Having become accustomed to living under the constant eye of Harry Kim’s camera, it was a natural next step for him to allow a reality-style film crew to accompany him on some of his adventures. For a web series called ‘Thumbs Up!,’ which has so far run for three seasons, Choe and Harry Kim were filmed hitch-hiking and freight-hopping from Los Angeles to Miami and Tijuana to Alaska, and then hitching across China from Beijing to Shenzen and the gambling mecca of Macau.

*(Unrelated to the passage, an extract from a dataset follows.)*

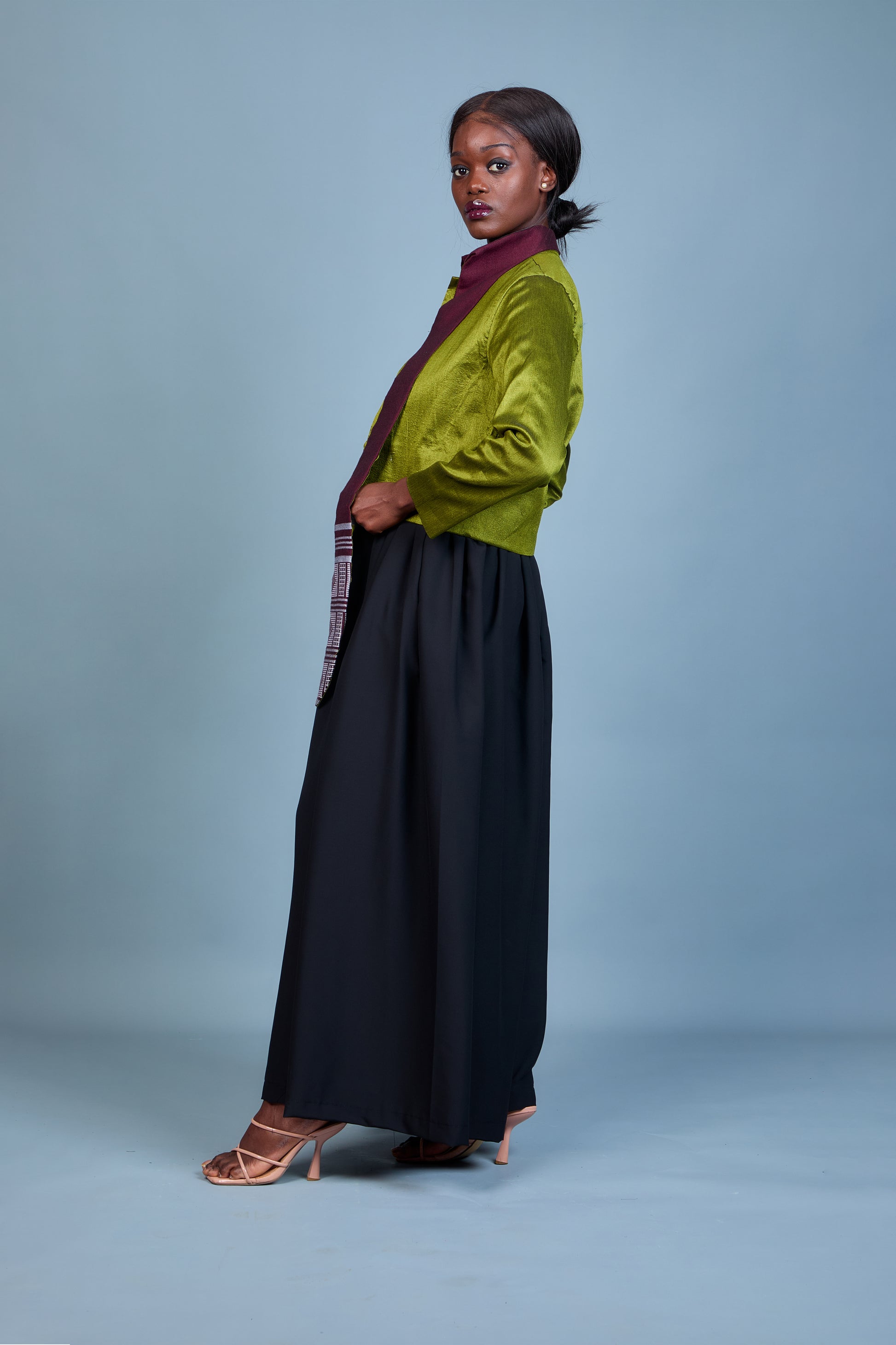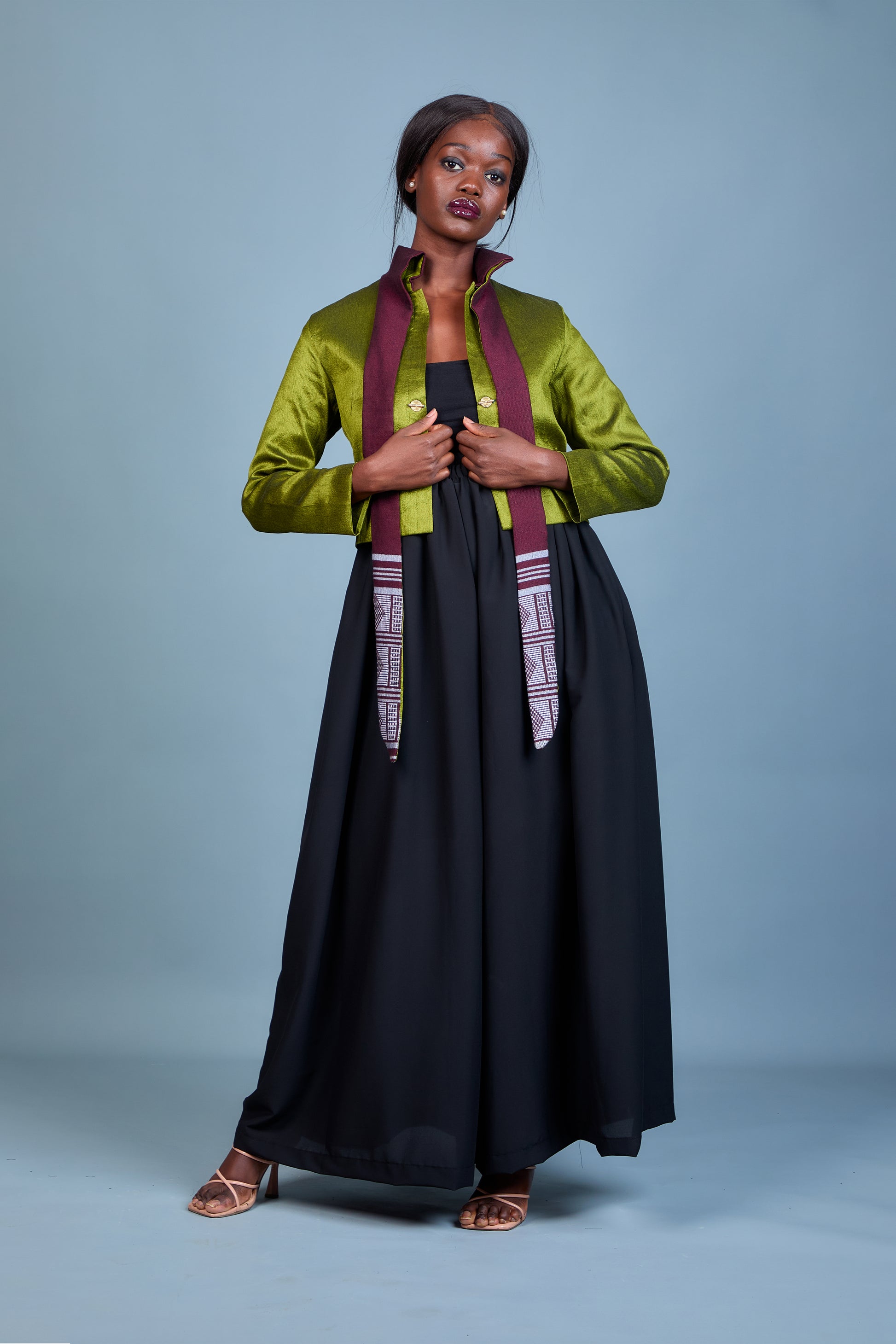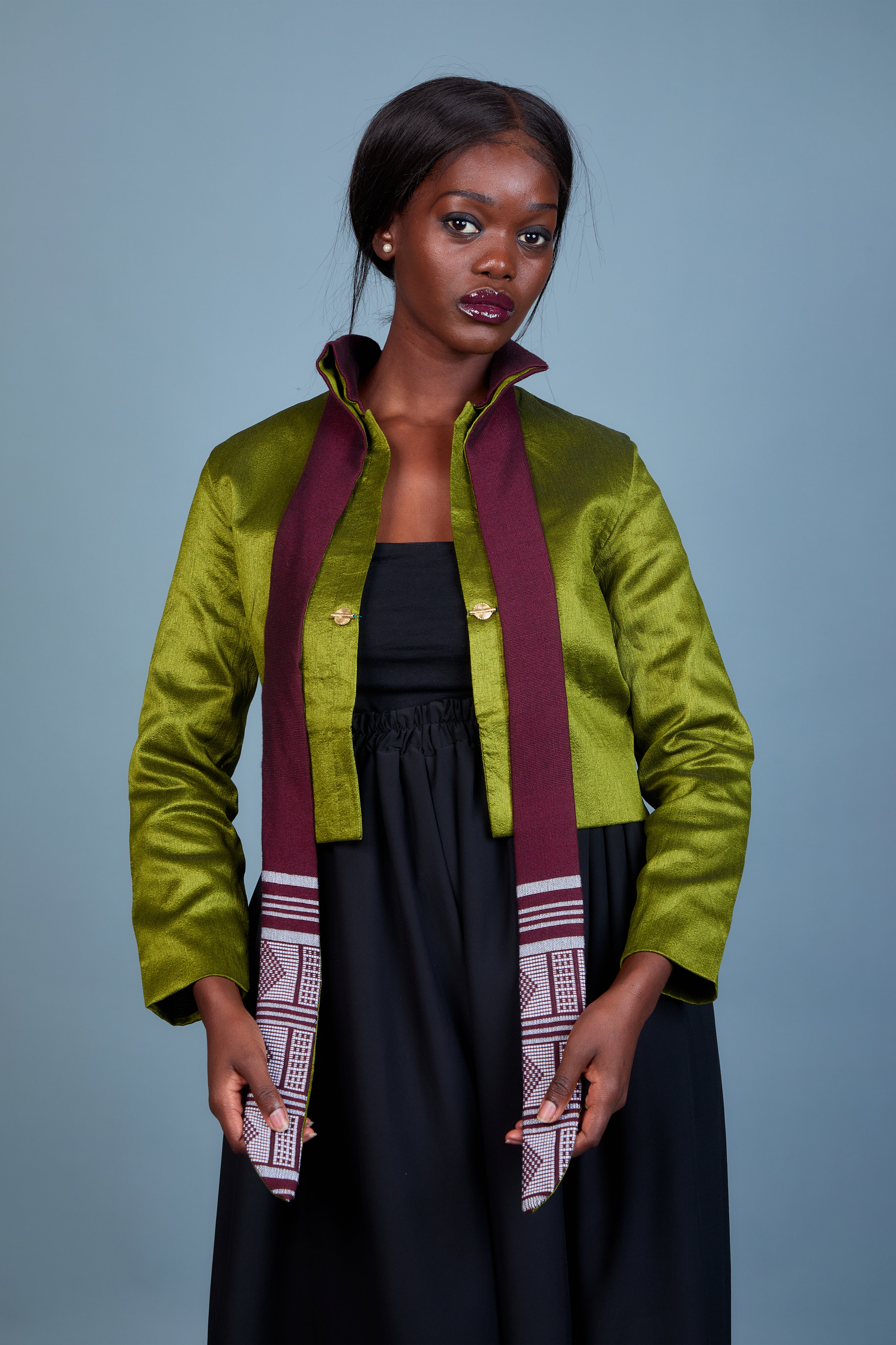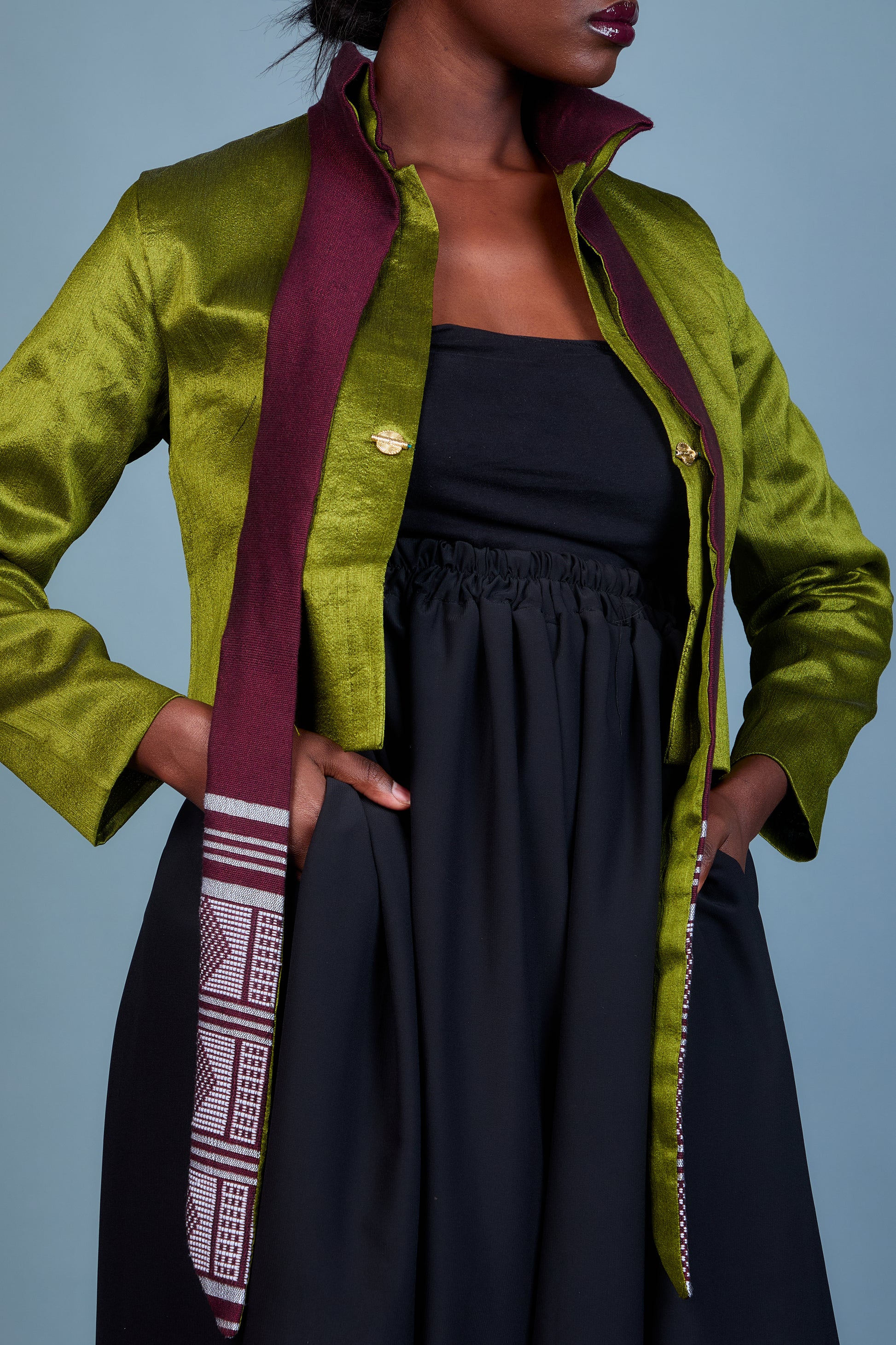 La veste Elam, en rouge vibrant et vert éclatant, est une création audacieuse qui mêle le luxe du shantung à l'authenticité du pagne Manjak. Son col unique en pagne Manjak apporte une touche artisanale et raffinée, tandis que les couleurs contrastées insufflent dynamisme et sophistication. Conçue pour un look chic et moderne, Elam est parfaite pour celles qui souhaitent se démarquer avec élégance. Cette pièce d’exception sublime chaque tenue, affirmant un style résolument unique.

It has often been said that Choe’s greatest artwork is his life, itself. As his friend Jason Jaworski explained, ‘For me, there is no artwork Dave or anyone can create that is capable of completely equalling the vast canvas of Dave’s life, which he paints daily while simply living. At the core, there seems to be two types of art, one which allows for escape from one’s self, and another which allows for introspection and confrontation with one’s self. In either case, I think art’s great contribution is when it makes one feel less alone. And if that statement has truth to it, which it does for me, then Dave has created one of the greatest pieces of art by simply living the way he does, which is like no one else.’

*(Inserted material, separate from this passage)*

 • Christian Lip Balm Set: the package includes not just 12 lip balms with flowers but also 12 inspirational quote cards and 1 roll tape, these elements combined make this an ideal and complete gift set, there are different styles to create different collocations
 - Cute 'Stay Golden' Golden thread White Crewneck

Over the past 15 years, Choe has built a worldwide reputation for his raw, vibrant, frenetic imagery, exhibiting in galleries in Barcelona, Beijing, Tokyo, London, Los Angeles, New York, and many places in between. He says he makes art because he has no other choice. ‘I don’t know how many times I have to say this—in all honesty and all kidding aside—without art I’d be 110% dead or in jail. I have a murderer’s blood coursing through my veins. I try to be good, but I’m just a bad man who happens to know how to wield a pencil and smear paint in fancy ways.’

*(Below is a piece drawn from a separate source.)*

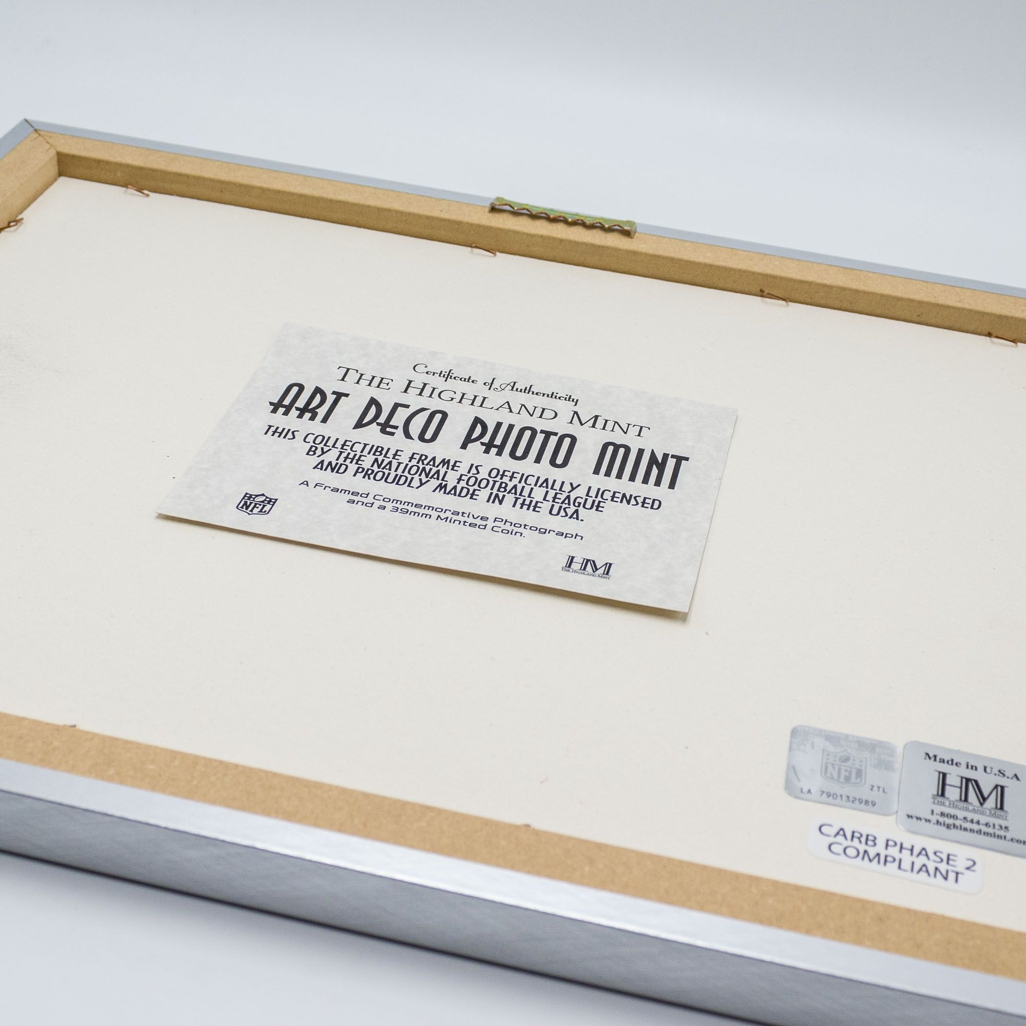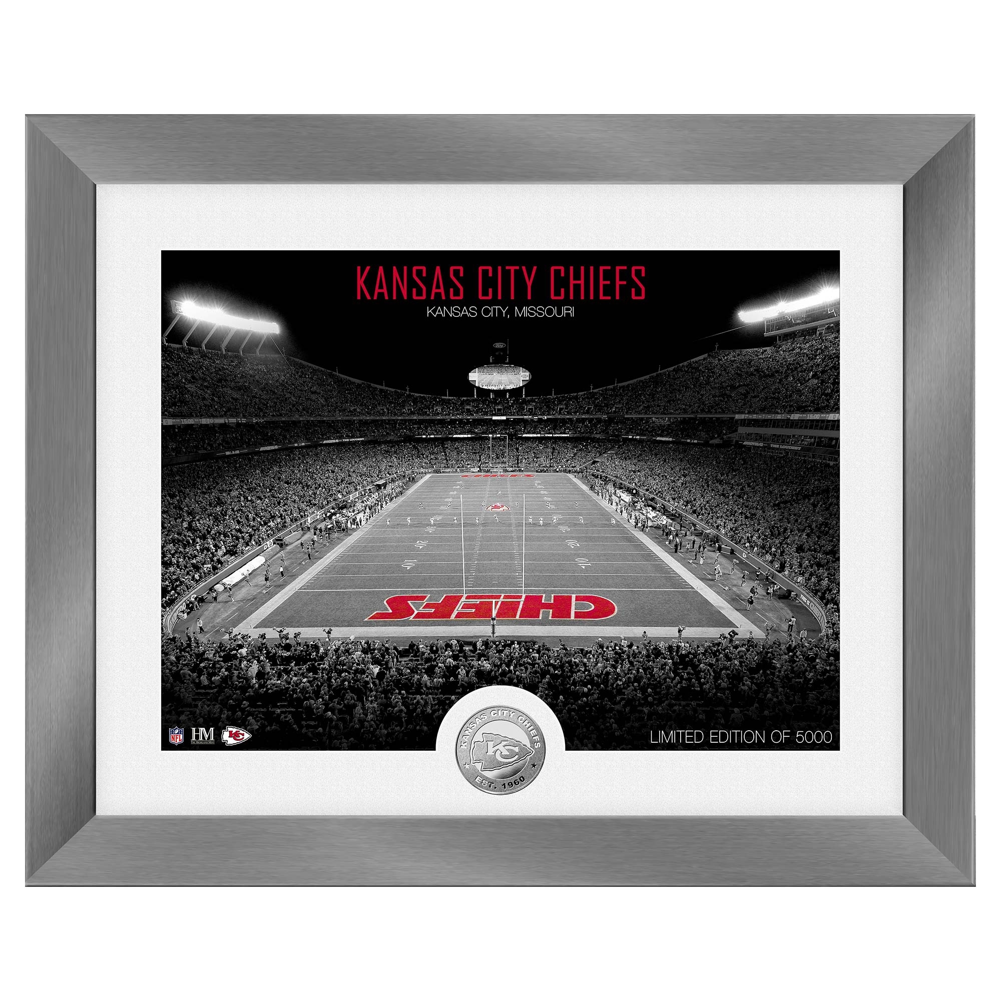 This limited-edition collectible frame features Kansas City Chiefs home field combined with a minted team coin. The silver frame and white matting features a terrific black and white stadium photo with the end zone selectively colored. The photo is matted under glass with a 39mm minted silver-plated team coin. Officially licensed by the NFL and a limited edition of 5000 each Art Deco Photo Mint is accompanied with a certificate of authenticity.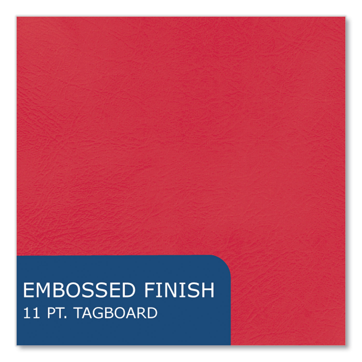 These folders have an embossed leatherette finish. The color is printed on durable white tag stock. Two inside pockets keep papers in place. Front Cover Color(s): Red; Color Family: Red; Back Cover Color(s): Red; Sheet Size: 11 x 8.5.

David Choe’s painting process is fast and instinctive, involving building layers of texture wet-on-wet in a wide variety of media, including pencil, ink, crayon, watercolor, acrylic, oil, and spraypaint. In 2007, he described his ‘dirty style’ painting aesthetic to ‘Fecal Face’ webzine, saying, ‘The dirty styles rule all other schools and styles. The layering, the personal touch to everything. I’m from the school of dirty styles, but it’s more than just style and surface, it’s every dirty thing that’s inside you. Dirty styles is painting on found objects besides a blank piece of paper or a blank white wall. This started for me when my dad would bring home used Xeroxes from work so I could Crayola all over the backs, then I moved on to painting on bus benches and other shit on the street because I couldn’t afford canvases… So even before you start, there’s some history, there’s some spills, chills and marks, then you keep creating more history on top of that, spilling, spraying, dripping, creaming, collaging, making a mess. All this ugly dirty shit, and hopefully the end product being something that’s tolerable and beautiful… something born from that filth. Creating hope from dark beginnings… the fucking dirty styles.’

While Choe’s success has largely hinged on his paintings, he has been commissioned to paint murals all over the world, and still paints on the street for his own gratification. As he told ‘Juxtapoz’ magazine, ‘I never stopped graffiti. It influences my fine art, with the quickness and immediacy of it. I use oil paint like it’s acrylic, because I can’t wait for it to dry. I love fucking with mediums and seeing how they react to different mediums, but I always considered graffiti separate from my art. I always looked at it as destructive, anarchist, political, spiritual, and mostly just fun. It was a release from being cooped up, hunched over drawing tiny drawings with rapidographs and mechanical pencils. Fuck everything I’m doing at home, I‘m going out late at night to have an affair with the streets. I’m not worried about mistakes, or trying to make shit look right, or fame, or writing a tag over and over—I’m looking to destroy, pure vandalism, and maybe somewhere in between the process I can achieve enlightenment, fulfillment, and redemption, but probably not. You can’t ever really describe the feeling until you’ve stolen two cans of Krylon flat black and hit the streets with reckless abandon. The freedom of speech, and scale of the words and pictures, is humbling.’